Eisenberg described how watching the impact of wolves moving into the land where she lived dramatically changed the natural environment within a few short years.

“We used to sit there in the evenings watching deer and elk browsing very peacefully in our meadow eating scrubs and young trees. We thought this was so lovely. I wasn’t an ecologist then and I didn’t know that there was something really wrong with this picture. The wolves came back and the deer and elk had to get really wary to stay alive, they couldn’t standing around eating and looking like lawn ornaments or domestic livestock. They now had to take a quick bite, put their head up, look around, and move on. Within a few years all the shrubs they had mowed down to ankle height grew up and when that happened all these songbirds returned because the shrubs now provided a home for them.

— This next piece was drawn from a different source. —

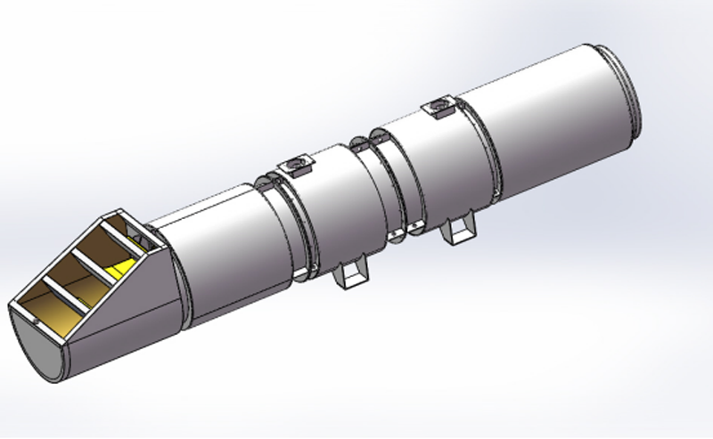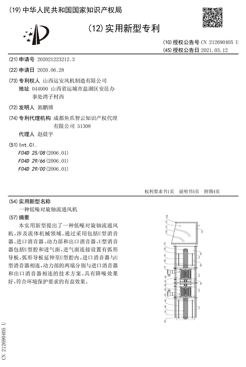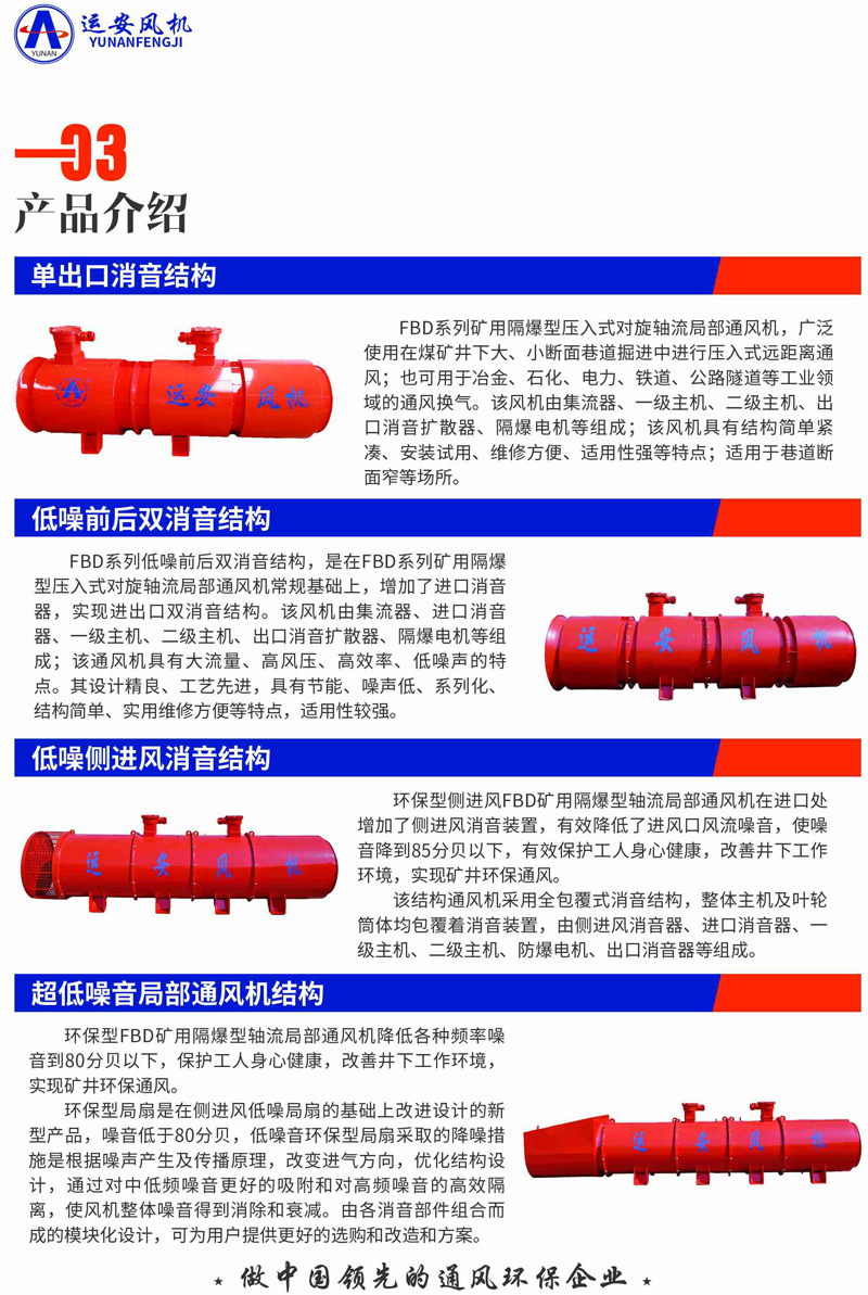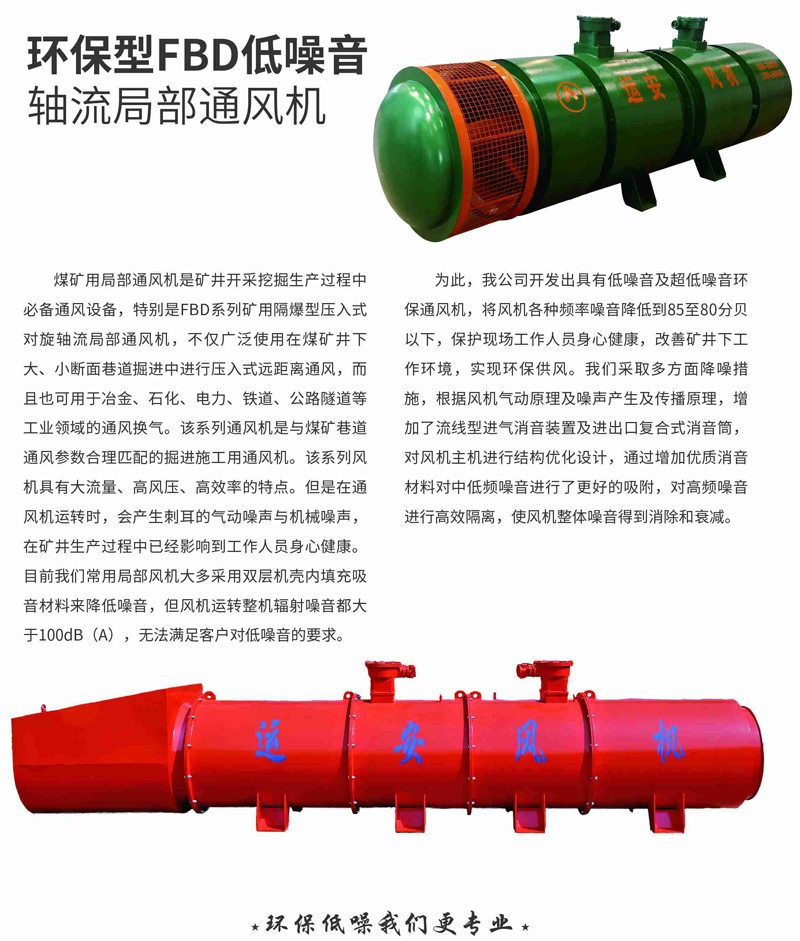 煤矿用局部通风机是矿井开采挖掘生产过程中必备通风设备,特别是FBD系列矿用隔爆型压入式对旋轴流局部通风机,不仅广泛使用在煤矿井下大、小断面巷道掘进中进行压入式远距离通风,而且也可用于冶金、石化、电力、铁道、公路隧道等工业领域的通风换气。该系列通风机是与煤矿巷道通风参数合理匹配的掘进施工用通风机。该系列风机具有大流量、高风压、高效率的特点。但是在通风机运转时,会产生刺耳的气动噪声与机械噪声,在矿井生产过程中已经影响到工作人员身心健康。目前我们常用局部风机大多采用双层机壳内填充吸音材料来降低噪音,但风机运转整机辐射噪音都大于110dB(A),无法满足用户对低噪的要求。

“The wolves would eat about one deer or elk a week and they could adjust to that with out any significant decline in their population. So what we got was a system that had greater biodiversity, a lot more energy running through it because the wolves might kill an elk, but then all these eagles would show up the feed on the carcass, and grizzly bears too. The whole system became a lot more resilient, healthy, and vibrant.

“This place, the Adirondacks, has very precious places of biodiversity, live vernal pools and mountain plant communities found nowhere else. By re-wilding this place we can insure those communities of plants and those special habitats will continue to exist for hundreds of more years. If we don’t re-wild the Adirondacks, it is very likely that by the year 2100 some of those species and communities will be gone. Top carnivores can help make ecosystems a lot more resilient and able to adapt and adjust to climate change.”

“I have gone on calls with Wendy,” said Laura Dikovsky Smith. “I’ve watched her shove fish down a great blue heron’s throat to get this heron eating again. It’s outstanding to watch what they do. It’s 24 hours a day for a while to get those animals back on track. What they have done is created such awareness with the public that the educational benefits have been just incredible. They’ve got a great relationship with hunters, with so many people, it’s just tremendous.”

“It’s been the busiest rehab season I have ever seen in my 40 years in this business,” said Wendy Hall. “The day went great. Tons of people showed up. The release of the merlin, the banding of the other birds, the presentations on the goshawk went very well, and our Facebook page is filled with positive reviews of the day. Our purpose and goals are pretty simple, connectivity between species and habitat. We use the species that we can’t rehab to do outreach presentations on the conservation of their habitat, the environment, the connectivity, and co-existing between humans and wildlife, which is the big thing for me. If we can’t co-exist we will loose our diversity and that would be tragic for a myriad of reasons.”